Citing the need for more information on risk factors, members of CDC’s Advisory Committee on Immunization Practices (ACIP), during an emergency meeting on Wednesday, agreed that the pause on Johnson & Johnson’s COVID-19 vaccine should be extended.
There was no official vote, but members recommended reconvening as soon as additional risk/benefit and risk refinement data become available on the cases of abnormal clotting seen with the vaccine. In particular, the committee wants to know what risk factors, such as age and gender, may be at play so as to inform definite recommendations. Most committee members did not wish to vote at all due to the lack of data.
The ACIP working group enumerated all the unknowns involving the vaccine, including true background incidence of cerebral venous sinus thrombosis (CVST) with thrombocytopenia, specific risk factors for thrombocytopenic thromboembolic events and true incidence of thrombocytopenic thrombotic events after the Johnson & Johnson COVID-19 vaccine, as more cases may be identified in the coming days.
Tom Shimabukuro, MD, of the CDC, reviewed details of the six cases first reported on Monday. He noted observed cases of CVST following the vaccine were 3-fold greater than background rates of CVST among women ages 20-50, but noted this did not apply to CVST with thrombocytopenia — the condition triggering the uproar around both the Johnson & Johnson and AstraZeneca vaccines — as this was too rare a complication.
The six cases were in white women ages 18-48 with few common risk factors. Their median age was 33, with a median time to symptom onset of 8 days after vaccination. No patients were pregnant or postpartum, and only one was on oral contraceptives. Comorbidities varied: three patients had obesity, one with hypothyroidism, one with hypertension, and one with asthma. None had known coagulation disorders.
Five of six cases had headache as an initial presenting feature. Late presentations included severe headache or abdominal pain. In four of the six, thrombocytopenia was severe.
Three of six cases involved thromboses not limited to the cerebral venous drainage system, including two occurring in the portal vein. Shimabukuro said in the future, they would “cast a little wider net” to include thromboses in the presence of thrombocytopenia, not necessarily limited to the central nervous system.
Five patients were treated with argatroban, four with heparin (which the FDA and CDC warned against) and three apiece with platelets or intravenous immunoglobulin. Three patients were hospitalized, two in the ICU. Two were discharged home.

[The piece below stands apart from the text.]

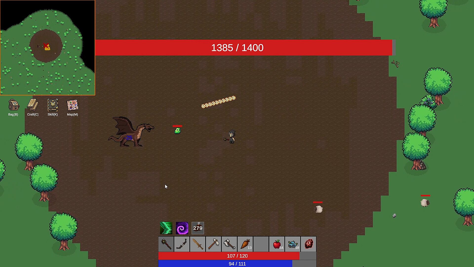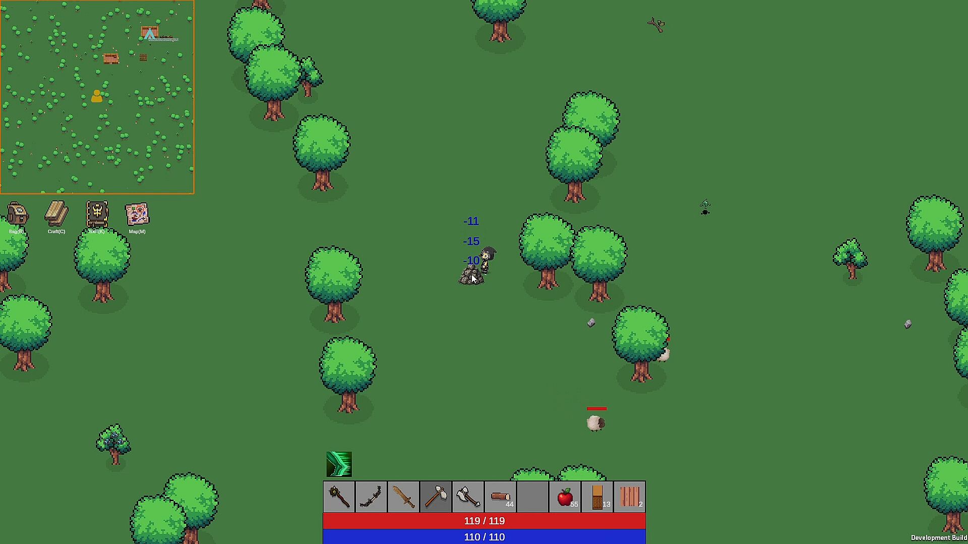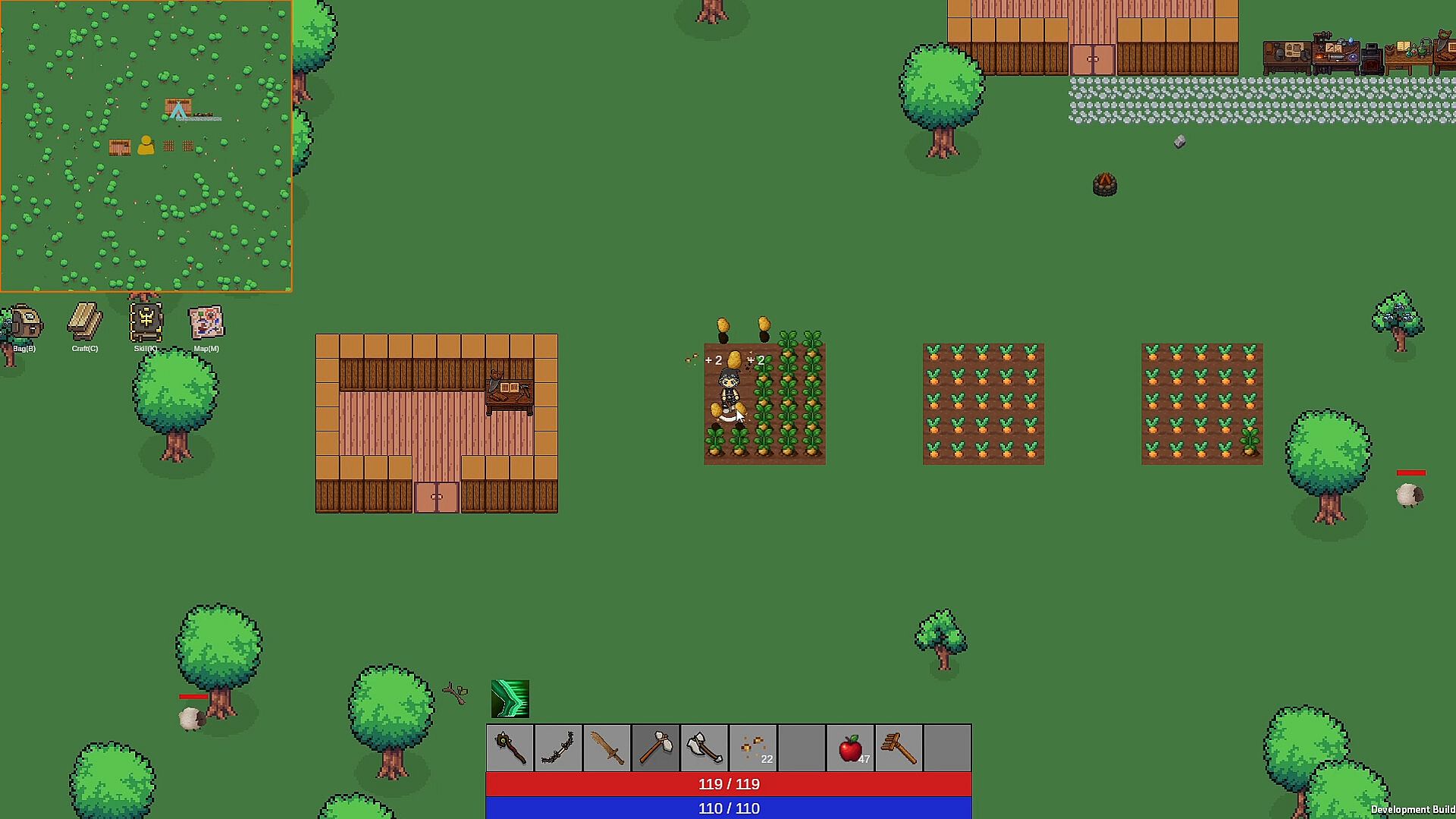 Boundless exploration – Journey across an expansive top-down sandbox, from grassy fields to new biomes yet to be revealed. The world is procedurally generated, filled with secrets, resources, and enemies to discover.

Liaison member Doran Fink, MD, PhD, of the FDA, proposed a “risk management approach,” where these risks could be addressed in the Johnson & Johnson vaccine emergency use authorization fact sheet “to inform healthcare professionals and vaccine recipients of potential risks.”
However, there seemed to be little appetite among ACIP members for making any recommendation about the vaccine until more data are available. The committee also was not eager to extend the pause for some groups and not others, citing a lack of data in additional populations such as men and older adults.
They agreed to reconvene, potentially in a week to 10 days, by which time more may be known about the risk.